#### What is expected
Under this line are records; the part from the line containing "Elipse Modbus Simulator" through the line containing "Đến ngày thứ" should be repeated exactly. Please exclude pictures.

[Stored dataset items]
::::

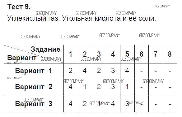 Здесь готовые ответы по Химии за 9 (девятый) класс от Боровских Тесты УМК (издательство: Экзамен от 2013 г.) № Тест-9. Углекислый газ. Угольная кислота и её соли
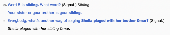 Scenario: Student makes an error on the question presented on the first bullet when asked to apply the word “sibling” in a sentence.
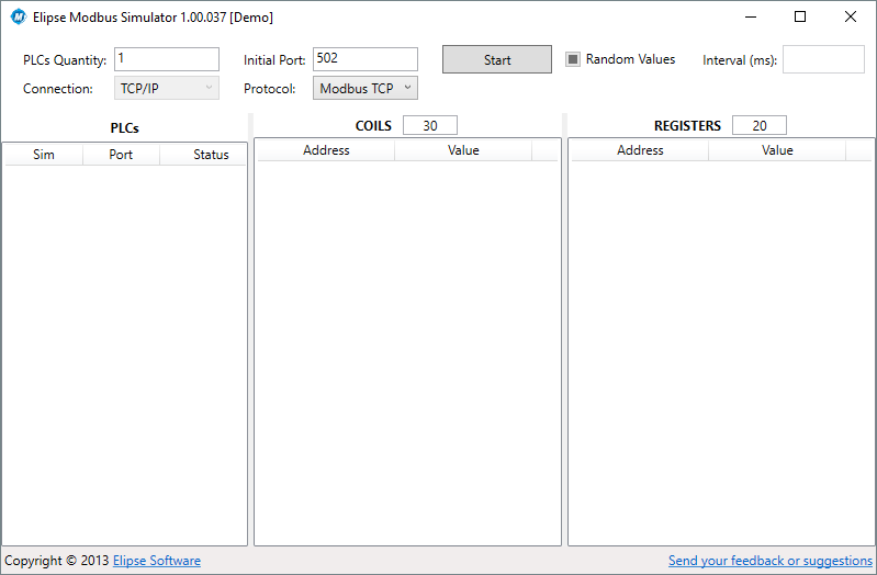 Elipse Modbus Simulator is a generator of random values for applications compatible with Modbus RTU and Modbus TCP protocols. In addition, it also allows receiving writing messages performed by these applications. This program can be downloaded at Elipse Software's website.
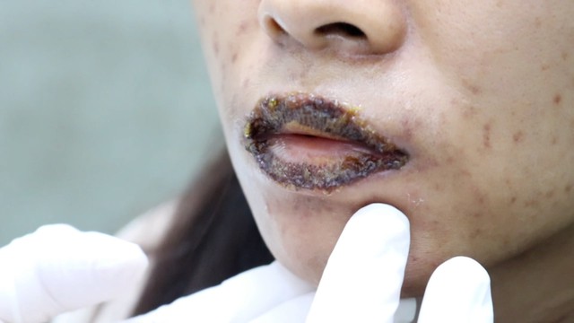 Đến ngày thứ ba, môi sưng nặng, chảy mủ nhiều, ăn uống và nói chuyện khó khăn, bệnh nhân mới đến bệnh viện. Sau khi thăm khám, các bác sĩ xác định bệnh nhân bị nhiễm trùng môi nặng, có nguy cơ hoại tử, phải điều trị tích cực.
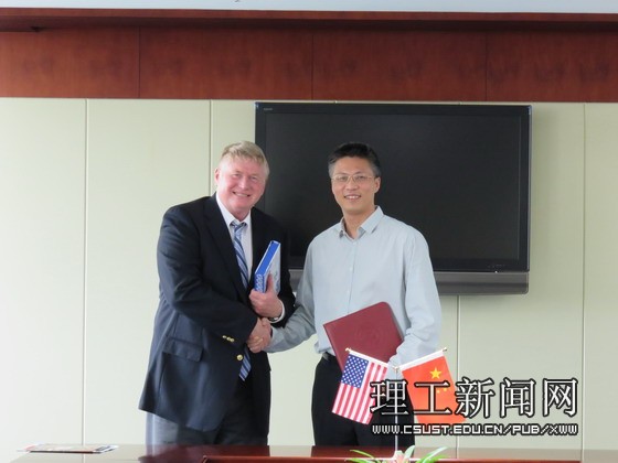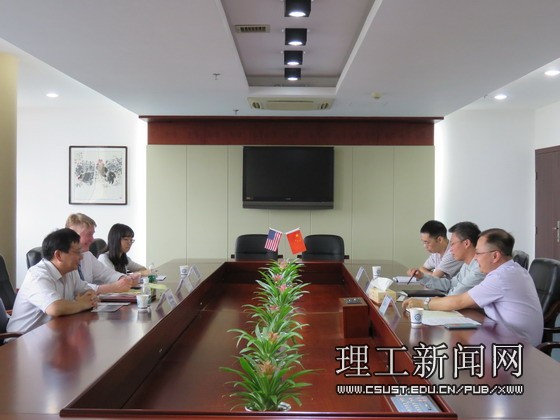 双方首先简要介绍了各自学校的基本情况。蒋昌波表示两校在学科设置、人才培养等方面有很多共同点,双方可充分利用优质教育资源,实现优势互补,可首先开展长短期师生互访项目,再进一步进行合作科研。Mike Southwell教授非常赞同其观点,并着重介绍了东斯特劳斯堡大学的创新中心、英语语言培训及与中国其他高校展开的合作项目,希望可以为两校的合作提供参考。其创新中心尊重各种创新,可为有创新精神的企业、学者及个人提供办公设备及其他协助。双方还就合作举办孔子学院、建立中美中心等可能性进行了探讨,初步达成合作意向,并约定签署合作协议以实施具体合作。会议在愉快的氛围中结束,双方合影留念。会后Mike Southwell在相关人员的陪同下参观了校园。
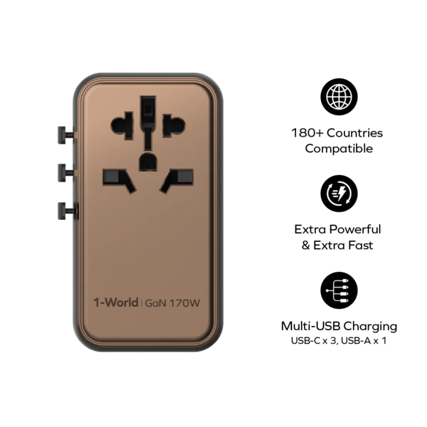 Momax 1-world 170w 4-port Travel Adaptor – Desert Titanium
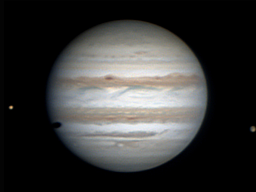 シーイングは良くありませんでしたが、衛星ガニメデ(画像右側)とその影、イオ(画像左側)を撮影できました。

::::

#### Solution to the exercise
 Elipse Modbus Simulator is a generator of random values for applications compatible with Modbus RTU and Modbus TCP protocols. In addition, it also allows receiving writing messages performed by these applications. This program can be downloaded at Elipse Software's website.
 Đến ngày thứ ba, môi sưng nặng, chảy mủ nhiều, ăn uống và nói chuyện khó khăn, bệnh nhân mới đến bệnh viện. Sau khi thăm khám, các bác sĩ xác định bệnh nhân bị nhiễm trùng môi nặng, có nguy cơ hoại tử, phải điều trị tích cực.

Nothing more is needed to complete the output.